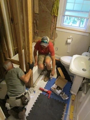 Now that the drain lines are in from the bathroom above, we can install the new tub at the first floor.
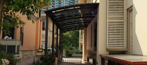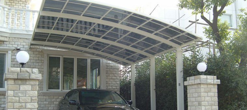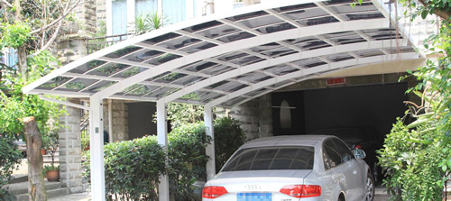 鋁合金停車棚融合歐式浪漫優(yōu)美弧度,簡(jiǎn)約時(shí)尚的設(shè)計(jì)風(fēng)格,帶水槽和排水管
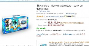 Très bonne affaire sur amazon concernant le jeu pour console Wii , Sylanders Spyro’s adventure pack de demarrage ..
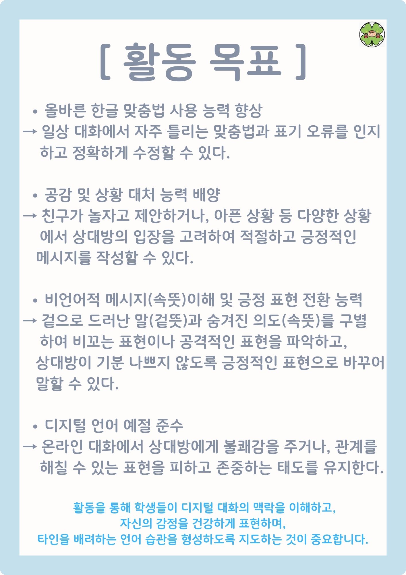 디지털 소통 능력 향상: 온라인 환경(카카오톡 대화)을 통해 글자를 읽고, 내용을 이해하며, 자신의 생각을 문자로 표현하는 능력을 기릅니다.
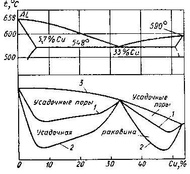 Таким образом, при литье сплавов, затвердевающих в интервале температур, в отливке одновременно образуются и усадочные раковины и усадочные поры. Распределение общего объема усадочных полостей между раковинами и порами можно рассчитать по соотношению объемов плотного и пористого металлов. Это соотношение, зависит от эффективной величины интервала кристаллизации сплава и интенсивности охлаждения отливки. На рис. 6 дан график, характеризующий относительные объемы усадочных раковин и усадочных пор, выраженные в долях общего объема усадочных полостей, которые образуются в бинарных алюминиево-медных сплавах разного состава.
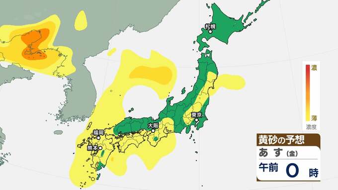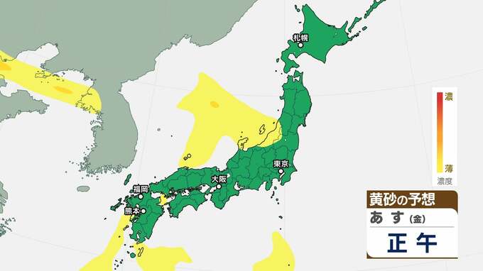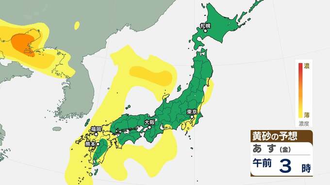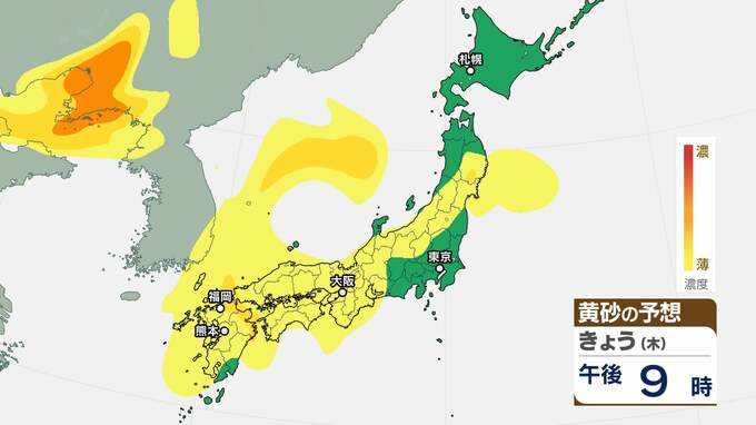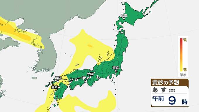 【黄砂情報】北日本から西日本の広い範囲で黄砂が観測 見通しの効く距離が10キロメートル未満となっている所も
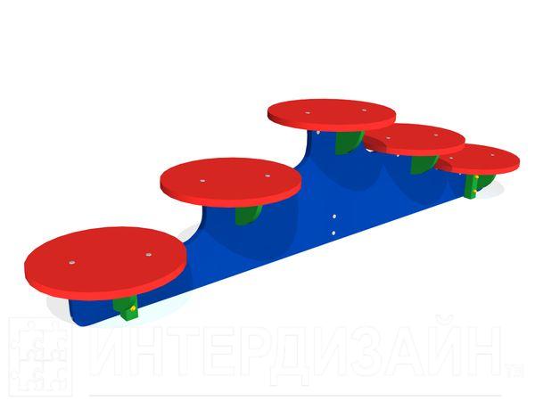 Бум детский «Ступени» представляет собой размещенные на разных уровнях круглые площадки ступенек. Ребенок по мере прохождения бума сначала поднимается по ступеням вверх, затем спускается по ним с другой стороны. Высота ступеней 140, 270 и 400 мм.
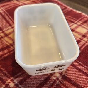 PYREX Vintage Early American White Brown Small Loaf Pan 1.5 Pint Oven Ware no chips
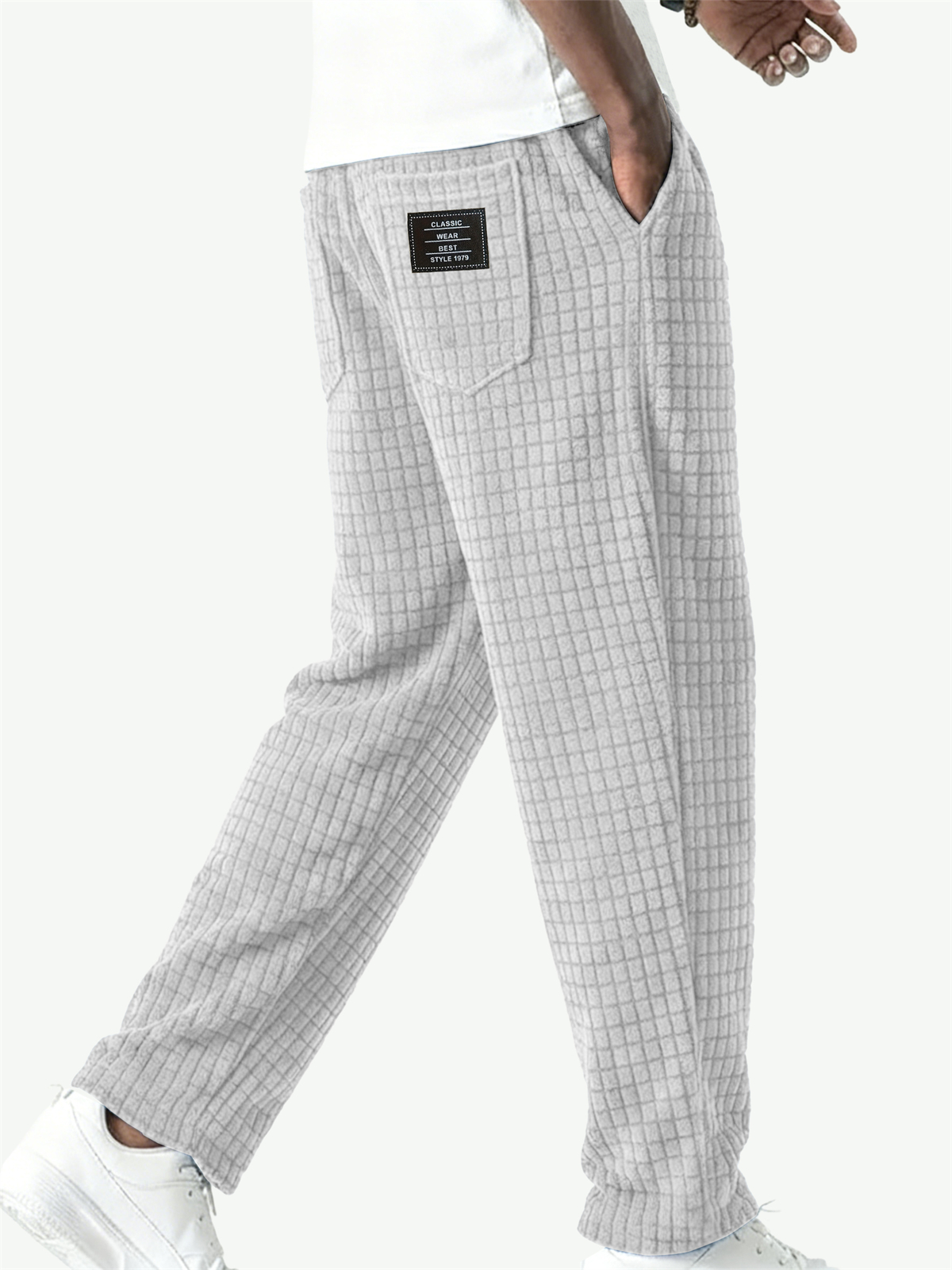 Herren Vintage Corduroy Waffelstruktur Lockere Einfache Bestickte Etikettenhose
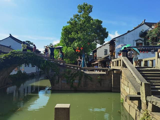 4.周庄一日游也可。并不大,主街会来来回回的走。住一夜的优势是:早晚人少,适合拍照。晚上南湖有一个10分钟的灯光秀。
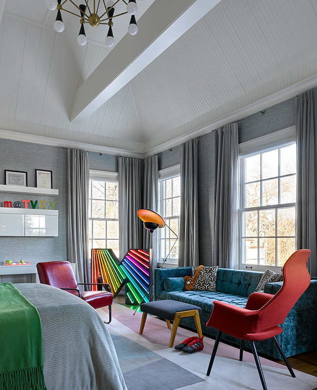 Малая гостиная на первом этаже получила название «арт-рум». Справа на стене работа Дэвида Лашапеля. Столик Holly Hunt. Ковер, диз. Юрген Далманнс. По всему дому расставлены светящиеся буквы — с них начинаются имена членов семьи.
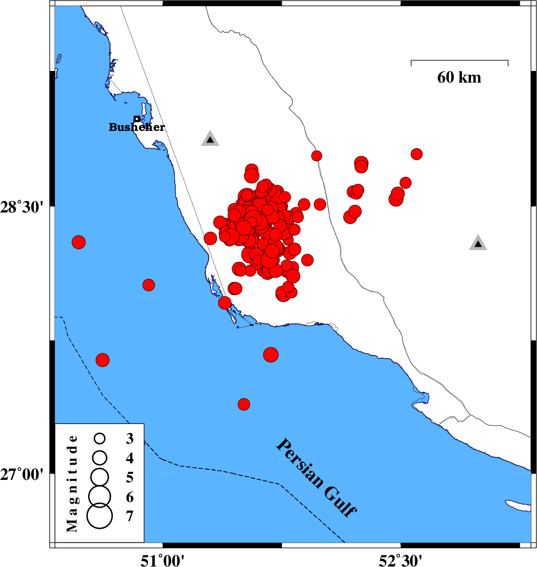| 2013/04/19 | 18:32:57.5 | 23:02:57.5 | 28.42 | 51.49 | 29 | ML4 | Bushehr Province, 28 km South-East of Khormog | ||
——————————
Only the lines from the one with "4.周庄一日游也可。并不大,主街会来来回" through the last line above belong in the answer. Reproduce them exactly, without the pictures.

 4.周庄一日游也可。并不大,主街会来来回回的走。住一夜的优势是:早晚人少,适合拍照。晚上南湖有一个10分钟的灯光秀。
 Малая гостиная на первом этаже получила название «арт-рум». Справа на стене работа Дэвида Лашапеля. Столик Holly Hunt. Ковер, диз. Юрген Далманнс. По всему дому расставлены светящиеся буквы — с них начинаются имена членов семьи.
| 2013/04/19 | 18:32:57.5 | 23:02:57.5 | 28.42 | 51.49 | 29 | ML4 | Bushehr Province, 28 km South-East of Khormog | ||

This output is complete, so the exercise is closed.